The Five Most Key Takeaways of This Blog

  • Most major tech companies are updating the terms and conditions for services and products (one example being Adobe’s creative suite) regarding A.I data collection. These changes are meant to reflect the companies’ strategy to use the data those products and services create. That data can help train those companies’ A.I. systems. 
  • Publicly available data is already easy pickings for most U.S.-based tech companies interested in A.I data collection. Social media posts that are on public accounts are one example of this. 
  • Private data is stuff like your (and, if you are a business owner, your employees’ and clients’/customers’) personal emails and text messages. 
  • For business owners, this means that these tech companies will most likely train A.I. systems based on publicly available data. And, in some cases, potentially your company’s private data on certain tech companies’ platforms. This could make your trade secrets and other sensitive information much more vulnerable to outsider access. 
  • Data collection practices tend to be much more lax in the United States than elsewhere. For instance, the European Center for Digital Rights filed enough complaints to prevent Meta (which owns Facebook and Instagram) from using public social media posts from its platforms for data scraping purposes. 
Training Day

Why do the biggest tech companies stay so dominant in the A.I. race? Why is it not the case that (relatively) smaller companies with game-changing A.I. products managed to topple the Goliaths. 

One reason is that A.I. is incredibly expensive to run. So those companies end up getting funding from the large companies, which by that funding end up getting some degree of control over the smaller company. Quid pro quo is the name of the game here. 

Another is that those large tech companies, a good number of which have been operating for several decades at this point, are sitting on what is just an unbelievable amount of data. 

And data is pretty much a fuel that powers the A.I. systems, in that if you do not give the A.I. system quality data, then it will not give you quality results. 

That data can be split into two different classes: publicly available data and privately available data. 



What Is Publicly Available Data?

If you read the Key Takeaways section above, then you know that most tech companies, at least in America, are already on the way to data-scraping users’ publicly available data. 

This data is the kind of stuff that you could easily find online. Your company’s videos on social media platforms, for instance, would be an example of this. 

These can be useful for training generative A.I. platforms that need visual and text content to learn how to generate such content. 

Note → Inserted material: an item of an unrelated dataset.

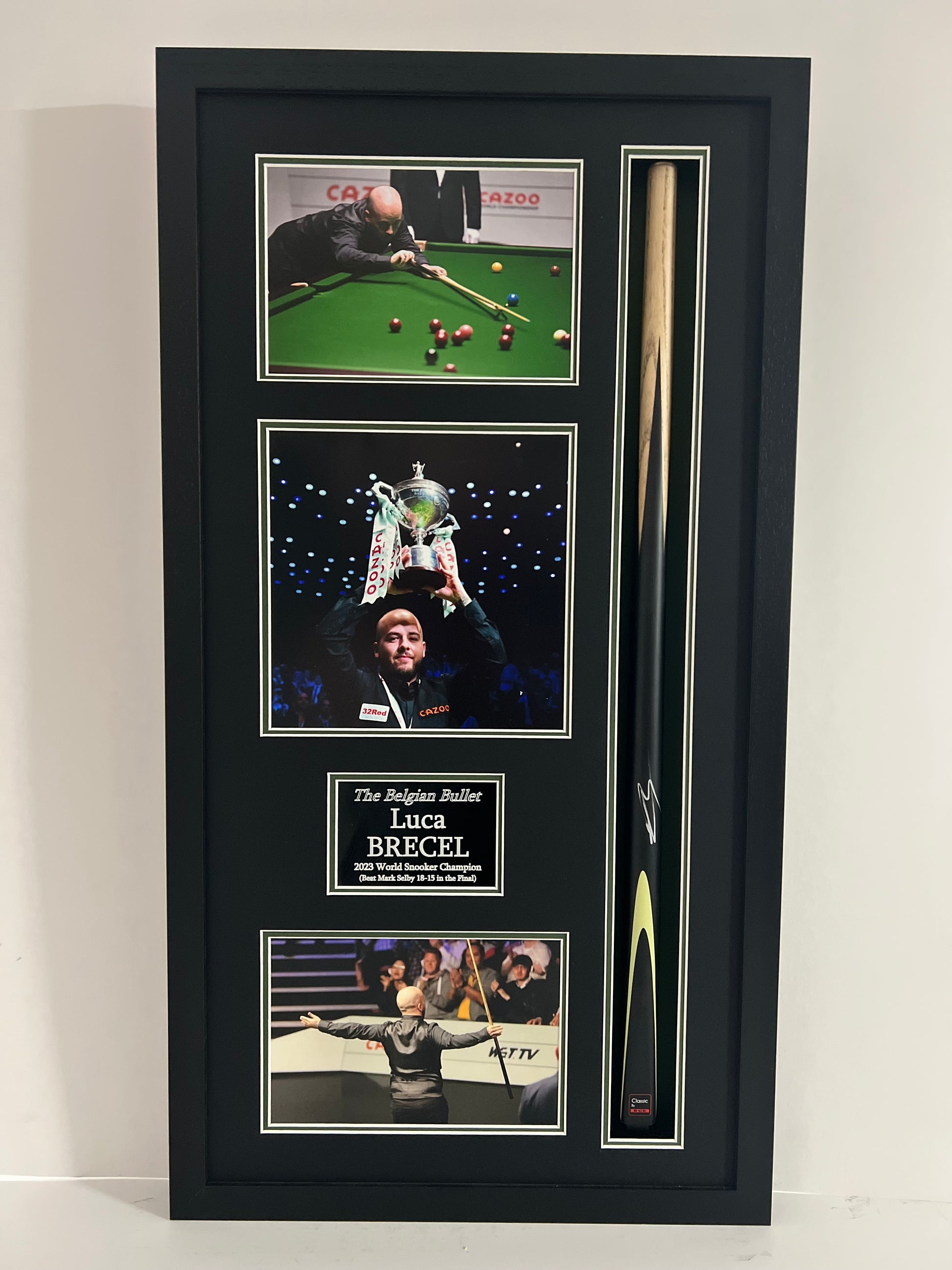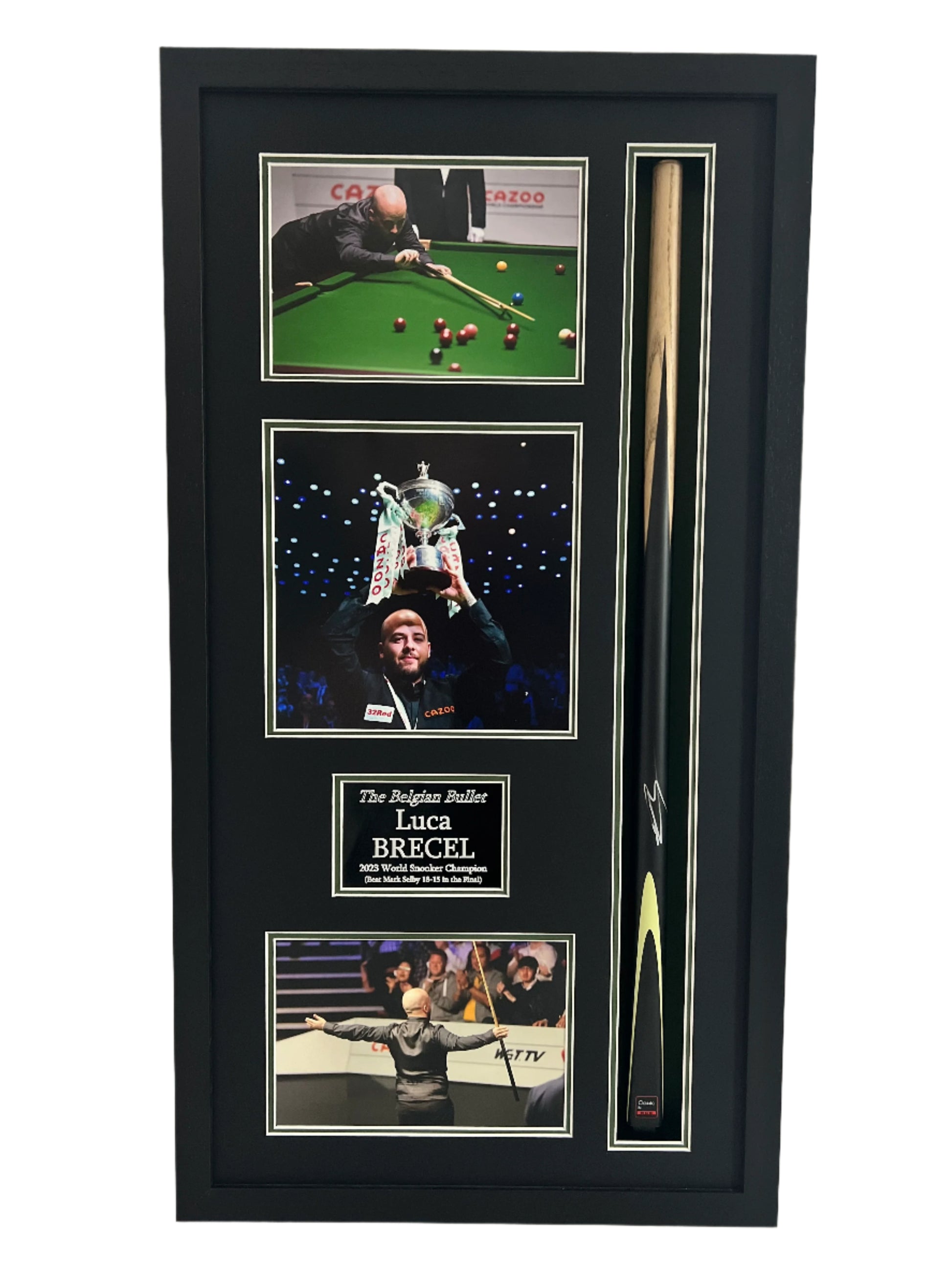 This framed signed snooker cue display, featuring former world champion Luca Brecel's signature, is a must-have for any snooker enthusiast. Crafted with premium materials and accompanied by a certificate of authenticity, this display showcases the talent and achievements of one of the best players in the world. Enhance your collection with this limited edition piece.

Some companies work hard to develop a distinctive brand aesthetic, both in written and visual content. To have that aesthetic become fodder for A.I. that may regurgitate parts of that aesthetic may upset some business owners. 

What Is Privately Available Data?

This really is the forbidden fruit that most big tech companies are looking to feed those data-hungry A.I. data collection systems on. 

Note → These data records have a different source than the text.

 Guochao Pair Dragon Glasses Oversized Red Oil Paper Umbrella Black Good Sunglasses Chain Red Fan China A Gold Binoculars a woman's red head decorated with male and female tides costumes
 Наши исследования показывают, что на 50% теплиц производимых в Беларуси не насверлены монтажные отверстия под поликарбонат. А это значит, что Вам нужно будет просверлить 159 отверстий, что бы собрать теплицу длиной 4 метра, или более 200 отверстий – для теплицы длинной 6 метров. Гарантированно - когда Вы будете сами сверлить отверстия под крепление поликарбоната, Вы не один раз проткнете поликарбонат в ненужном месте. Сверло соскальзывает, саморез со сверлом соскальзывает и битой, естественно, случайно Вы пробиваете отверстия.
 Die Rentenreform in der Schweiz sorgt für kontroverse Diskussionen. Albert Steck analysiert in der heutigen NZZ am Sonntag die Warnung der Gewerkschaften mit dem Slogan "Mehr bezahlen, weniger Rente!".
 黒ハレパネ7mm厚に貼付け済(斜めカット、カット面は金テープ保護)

Private data is what you could not just find with a quick Google search. You can find a celebrity’s public Instagram posts, yes. But you could not just gain similarly instant access to that celebrity’s text messages between friends and family. Not without some kind of hacking know-how, at least. 

But why are tech companies so eager to tip the rules and regulations in their favor? 

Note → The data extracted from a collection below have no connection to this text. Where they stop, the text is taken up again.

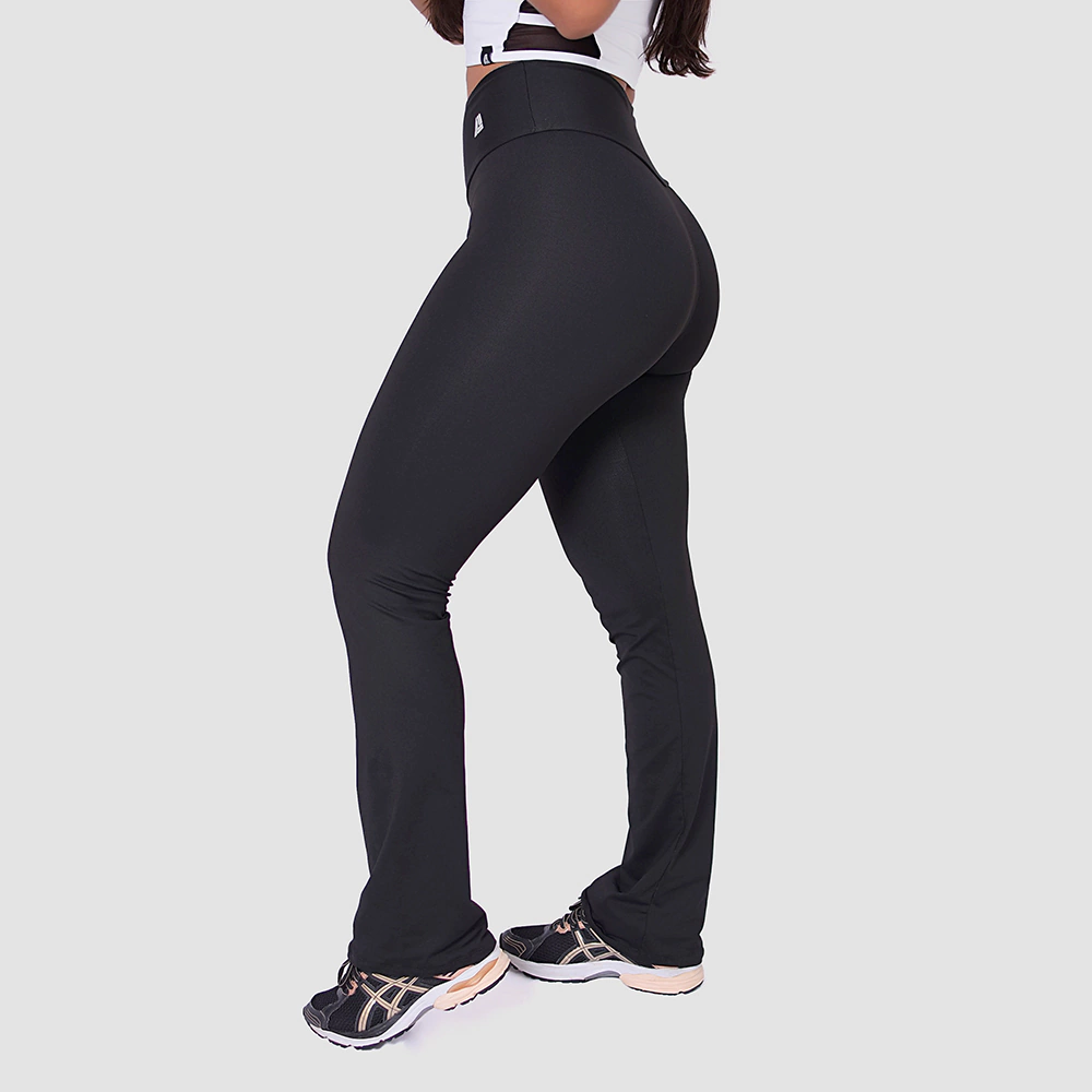 Com seu design flare, esta calça destaca-se tanto pela elegância quanto pela praticidade, sendo perfeita para diversas ocasiões, desde sessões de exercício até momentos casuais ou até mesmo eventos sociais.
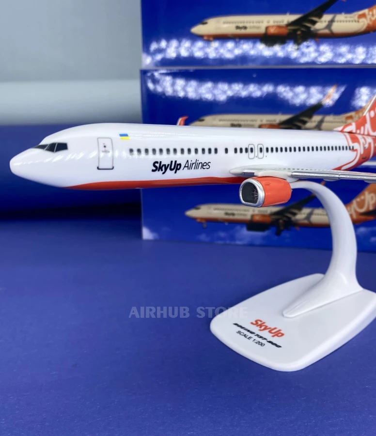 This realistic model of a Boeing 737-800 in SkyUp Airlines livery is not just a souvenir, but a real piece of Ukrainian sky. SkyUp logo with a smile on the keel, and the bright orange engines instantly evoke associations with vacations and flights with the Ukrainian carrier.
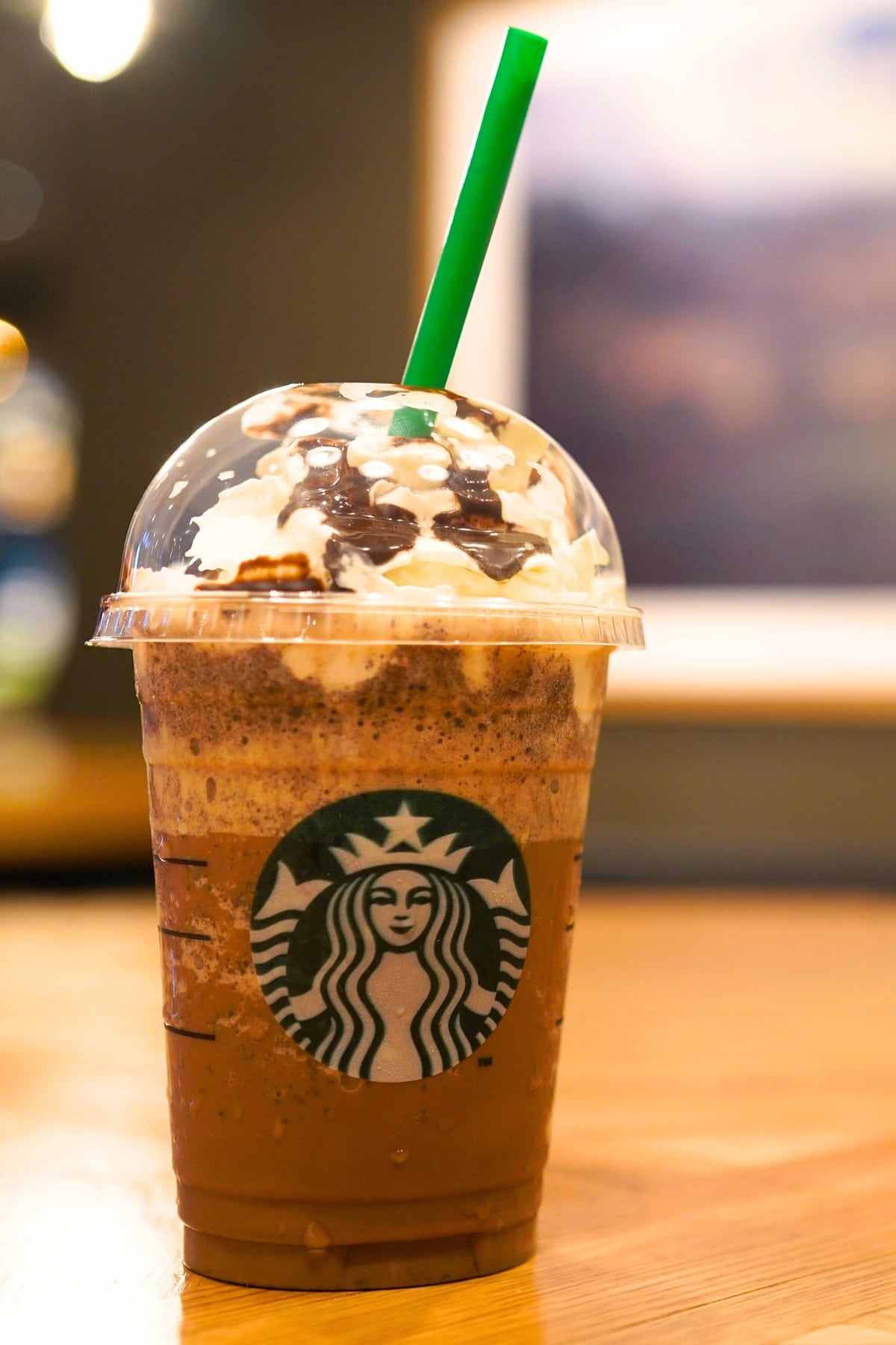It’s a divine concoction of milk, mocha sauce, and frappuccino chips, topped with whipped cream and more mocha sauce.
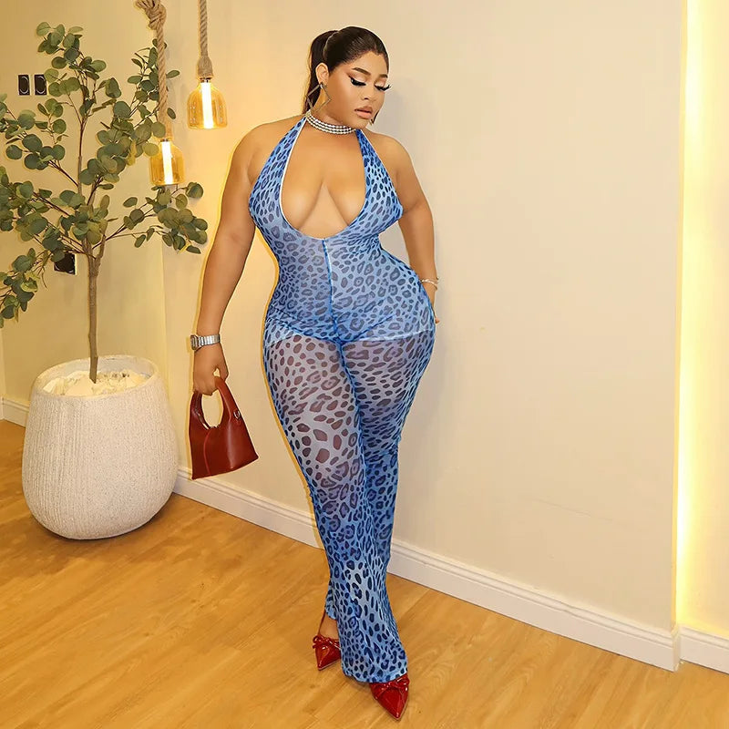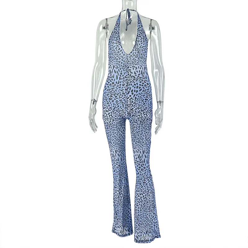 Sexy Halter Neck Deep v Neck Backless Leopard Printed Double Sheer Layer Women Skinny One Piece Casual Tight Bodycon Jumpsuits

Think, for instance, of just how many personal emails and text messages there are sent every minute. That could include the confidential communications between your employees and clients. 

How much more powerful would an A.I. system be if it was able to feast on that massive amount of content? 

Quite powerful. There even is an example of this with Adobe’s recent controversy. 

The Adobe Controversy

Perhaps the most useful example that this writer could pull out for this blog’s readers is that of Adobe’s bold terms and conditions update

An update, it must be said upfront, that Adobe pretty quickly chose to backpedal from in light of quite a bit of controversy from all kinds of people in the creative community. 

What Adobe tried out in its update was to basically tell users of its products that the company would outright access users’ content for the sake of training A.I. 

Basically, they had to back down from this stance because enough people interpreted this as saying that Adobe just gave itself permission to, whether automatically or manually, pilfer users’ creative content for the sake of training its generative A.I. platform, Firefly. 

For this writer, at least, the content that someone, even at a company, creates in an Adobe platform that is not shared online (so, like, a private graphic design project) should be considered private. 

So, as a business owner, imagine if one of your employees was using Adobe Photoshop to create a visual graphic for the next team meeting. On that graphic is sensitive information that should be kept internal. It should worry one, then, that tech companies like Adobe may try to access that content and put it into a pool of data to train an A.I. system that will generate content.